While the advice she'd given me had been fairly obvious to me, it'd been nice to hear it from someone else. She'd urged me to do what I'd wanted to do anyway. And it helped. In a way, I was strangely grateful to have followed her to that weird cafe.

Walking down the road, I was so immersed in my thoughts, trying to come up with a way to tell my parents what had been going on, that by the time I saw the little group of people coming my way, I barely managed to lift my hand in greeting and say a small "Hi".

I didn't know all of them, but two of the five people I used to sometimes have lunch or sit with in uni. We weren't friends, but maybe good acquaintances.

Both of them looked at me, looked me dead in the eyes, but nothing spoke of recognition in their faces as they shrugged, two other girls giggling at silly old me greeting people that didn't know me. Then they walked past and continued on with their conversation as if I'd never even caught their eye.

I stood there, dumbfounded. During the last months, heck, the last year I hadn't really interacted with people that much, but still, to not be remembered by people I'd considered something close to friends was harsh.

I stared down the street, where they'd come from and I'd walk towards, thinking of how far away I had drifted.

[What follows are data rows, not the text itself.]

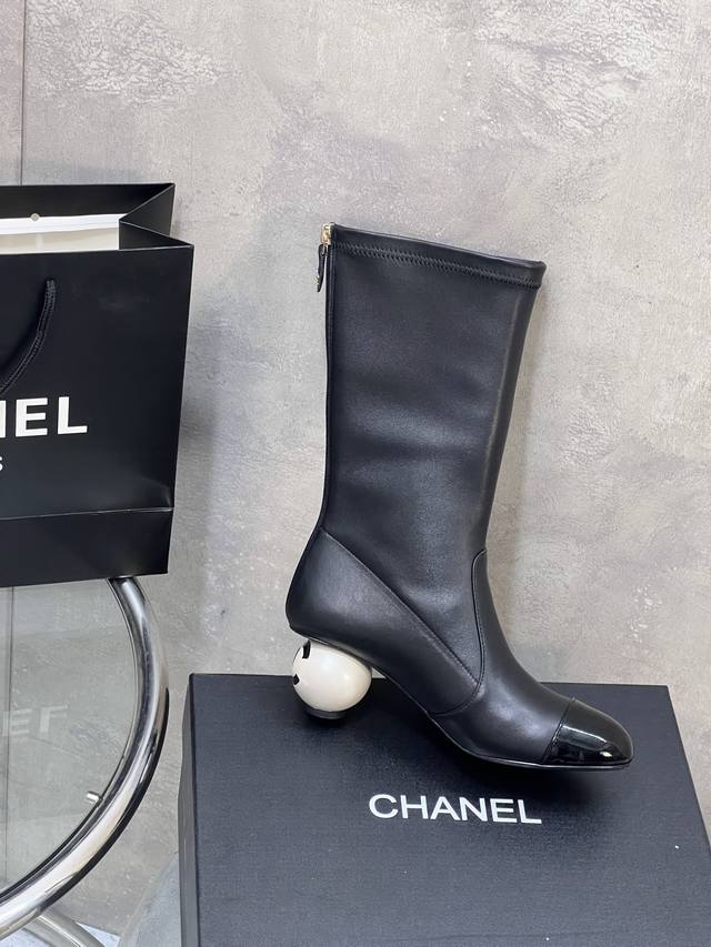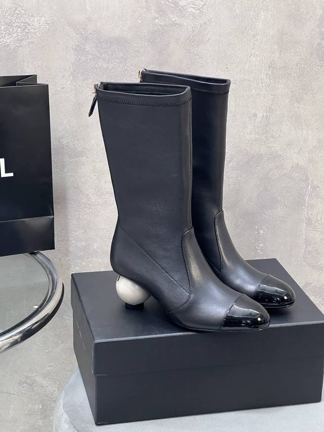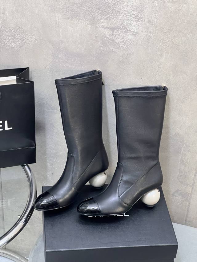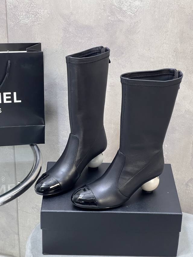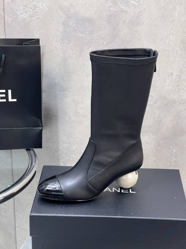 Factory Direct DDD Chanel Autumn/Winter New Style Large Pearl Elastic Mid-Calf Boots for Women DDD Highlights Giant Pearl DDD Custom Lambskin with Suede and Patent Leather DDD Lambskin Lining and Insole DDD Original Mold Pearl Genuine Leather Outsole DDD Heel Height: 5.5cm DDD Size: 35-41 40.41 Custom Made DDD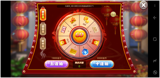 根(gēn)据游(yóu)戏(xì)赢的局数来获得抽奖资格,每赢得一盘(pán)对局获取一(yī)颗幸运草,集满5颗幸(xìng)运草可(kě)开启银转盘抽奖(jiǎng),奖品包括话费券、金币、游戏(xì)道具。集满25棵幸运(yùn)草可开启金转盘(pán)抽奖,奖品和银转盘一样(yàng),但是数额更大。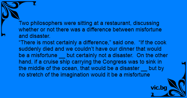 Two philosophers were sitting at a restaurant, discussing whether or not there was a difference between misfortune and disaster.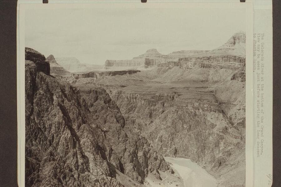 The Colorado River at the bottom of the Grand Canyon. View may be seen just before starting the long descent to Phantom Ranch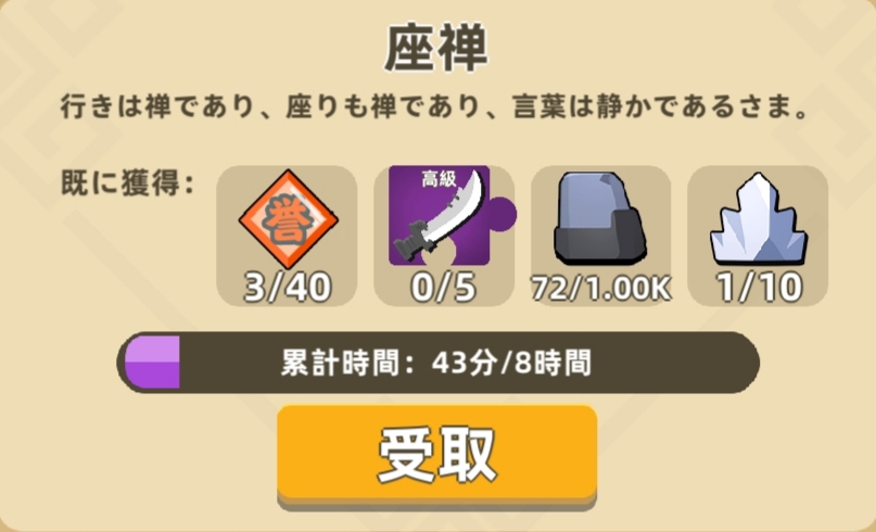 時間を長く置いておくほど最終的に受け取れる報酬は増えていくので、できれば最大の8時間になってから「受取」をタップすることがオススメです。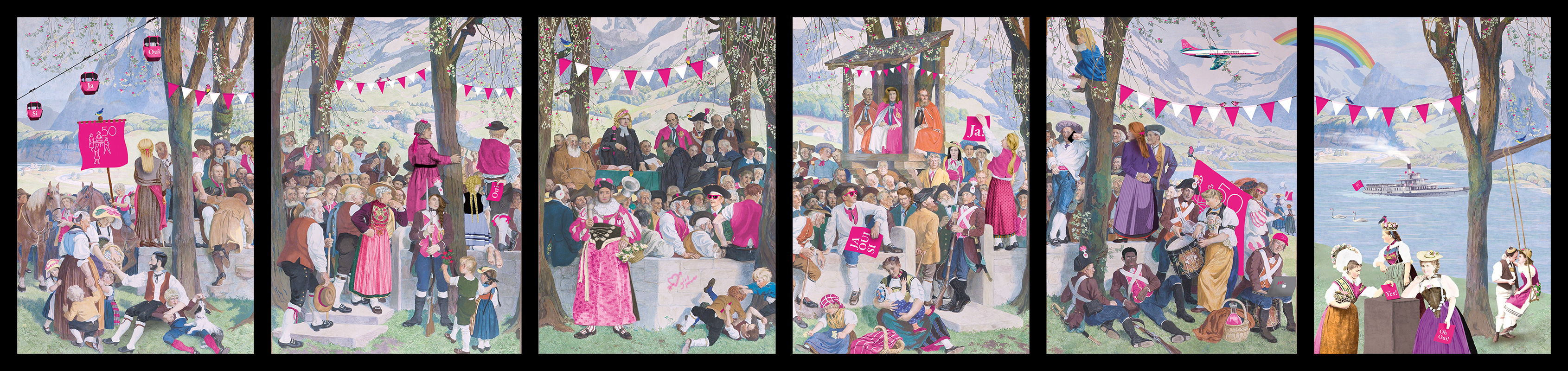 Chaque habitant de ce pays connaît la landsgemeinde du XVIIIe siècle d’Albert Welti et de son ami Wilhelm Balmer qui orne la salle du Conseil des Etats. L’œuvre historique a pris un coup de jeune pour la Journée internationale des droits des femmes. L’artiste designer d’Ollon (VD) Camille Scherrer en a réalisé un trompe-l’œil où l’assemblée est présidée par une femme.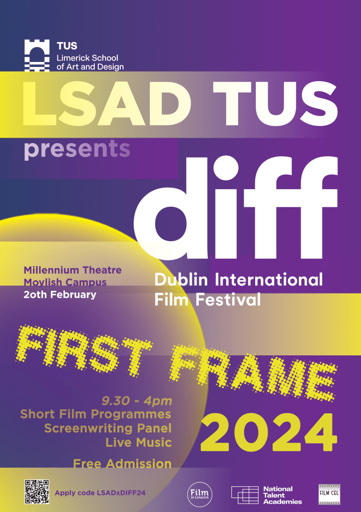 DIFF First Frame 2024 student awards special screening, industry panel and live music on February 20, TUS Millennium Theatre, Limerick.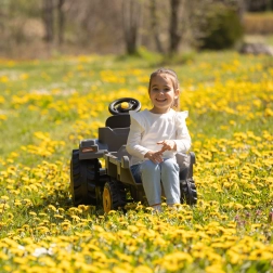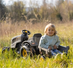 Traktor raste s vašim djetetom – sjedalo se podešava u 3 položaja, pa u vožnji mogu uživati djeca različite visine. Lančani pogon je pouzdan i zaštićen, veliki plastični kotači savladavaju travnjak i vrtne staze. Mehanička truba dodaje zabavu i sigurnost, a usklađeni kolor detalji upotpunjuju moderan izgled.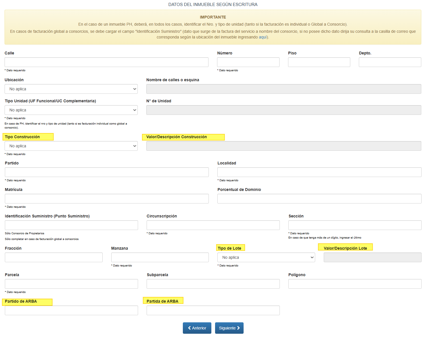 A partir de esta actualización, el sistema permitirá -en función del número de servicio de AYSA ingresado- la visualización automática de formularios diferenciados, según se trate de inmuebles ubicados en la Ciudad Autónoma de Buenos Aires o en la Provincia de Buenos Aires.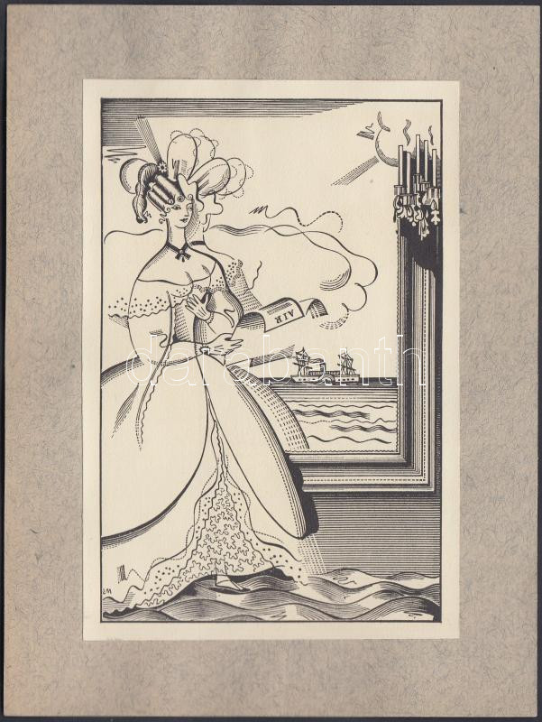 Leírás: Nemes Erich (?-?): Art deco dáma, fametszet, papír, jelzett a metszeten, 15,5×10,5 cm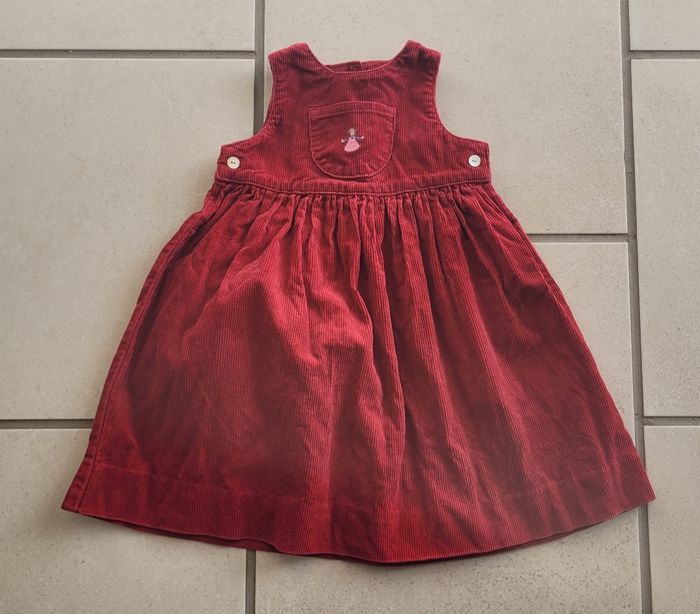 Robe en velours, de couleur rouge avec petit motif sur poche, de la marque Cyilllus, taille 24 mois (92 cm), en très bon état. Article lavé pour la vente.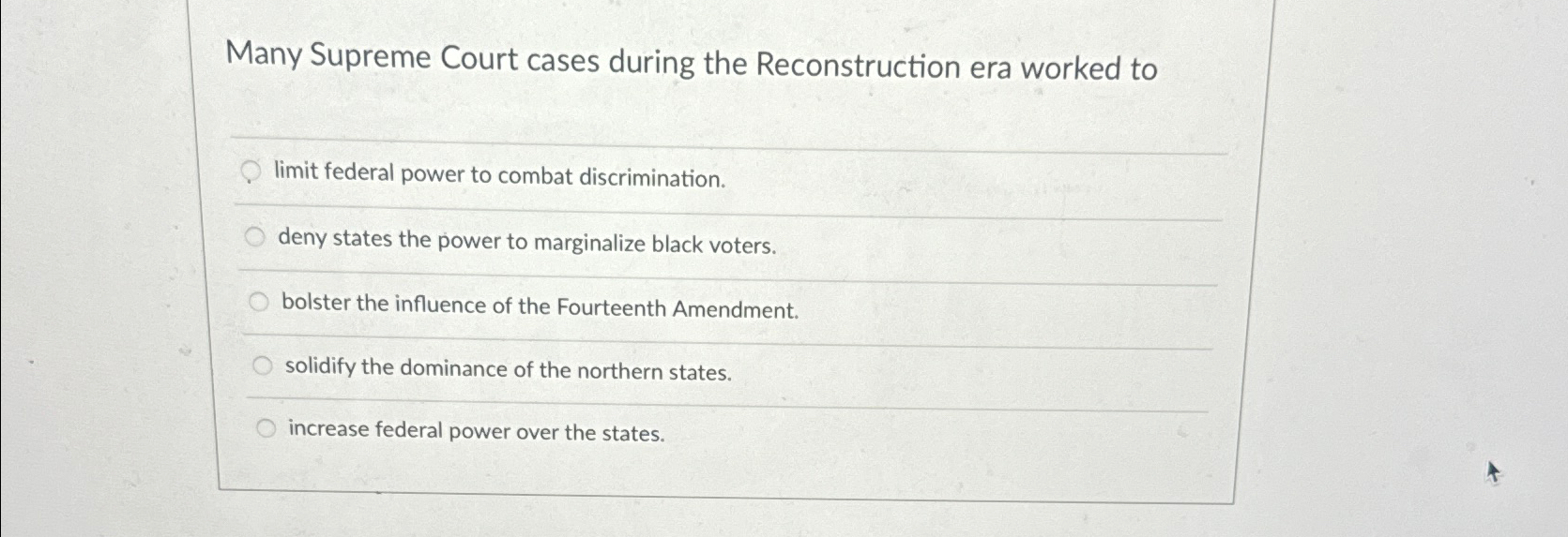 Solved Many Supreme Court cases during the Reconstruction Chegg com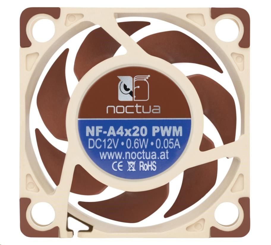 ventilátor, tichý, 12V, rozměry 40x40x20mm, průtok až 9.4m3/h, 1200 až 5000 otáček, 4pin PWM, SSO2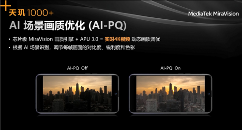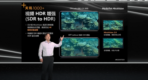 MediaTek天玑1000+支持HDR10+,其独家的芯片级MiraVision画质引擎还可以带来超越HDR10+画质效果。MiraVision通过逐帧优化视频画面的动态范围和图像细节,让原生4K HDR10+视频画质更加生动逼真,色彩呈现更细腻,画面层次更丰富,带给5G时代手机用户更“出色”的全新画面质感和高清视频,实现在5G时代随时随地可享受“高清影院”的终端体验。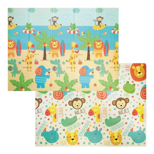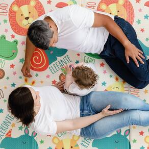 Um tapete grande, macio e colorido! Tapete de atividades com 1,50 cm x 200 cm de espaço para as crianças brincarem à vontade com conforto e segurança, além de proteger do contato direto com o chão. Feito de material macio e impermeável, o tapete é fácil de limpar e guardar. Formato grande, conta com estampa dupla face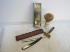 Vintage Shaving Brush & Razor Stand Plus Gillette Shaving Kit With Leather Bag

Even before the incident, I'd never been much of a social person. I'd had people to talk to during uni, eat with or even sometimes go shopping with after school if necessary. Other than that, yes, I admit I barely hung out with anyone, but this was too much. Apparently, I wasn't even worth missing when gone.

I on the other hand, had missed it. Maybe not specifically them for who they were, but the times we spent laughing over senseless stuff and even though we never declared each other friends, we were still a small group of people, put together through the same lectures, and it worked.

When I had been recovering I had missed those times, I had missed just being able to walk up to them and casually pat them on their shoulder, to get the courage to talk to them. At the beginning, when I had gone back to uni, I couldn't even be close to them because my irrational fear wouldn't let me. Now, there was no getting back what I'd so unwillingly lost.

After closing my eyes for a few seconds, I decided to accept it as it was. There was no space on my shoulders to add another weight. So I walked home and forced a smile on my face. Not for anyone else to be convinced by, but for me, to prove that I could do it would I choose to.

Neither of my parents were home when I returned. I wasn't surprised. My lecture was on for another twenty minutes so they wouldn't expect me home earlier than the next hour.

I settled in the kitchen after putting all of my stuff away and just sat there waiting.

Citty was my priority now, I had decided. I would tell them about her disappearance, just to have it off my chest and to have them to talk to. Not talking to my parents about anything had also been a regular occurrence recently. And I couldn't continue this way. I wanted our former relationship back and maybe this was my chance.

When the front door opened I tried to relax, but my heart beat far too fast.

"Duncan? What are you doing here? You're really early." Mom commented when she saw me sitting there. Dad was right behind her; she'd probably picked him up on her way back.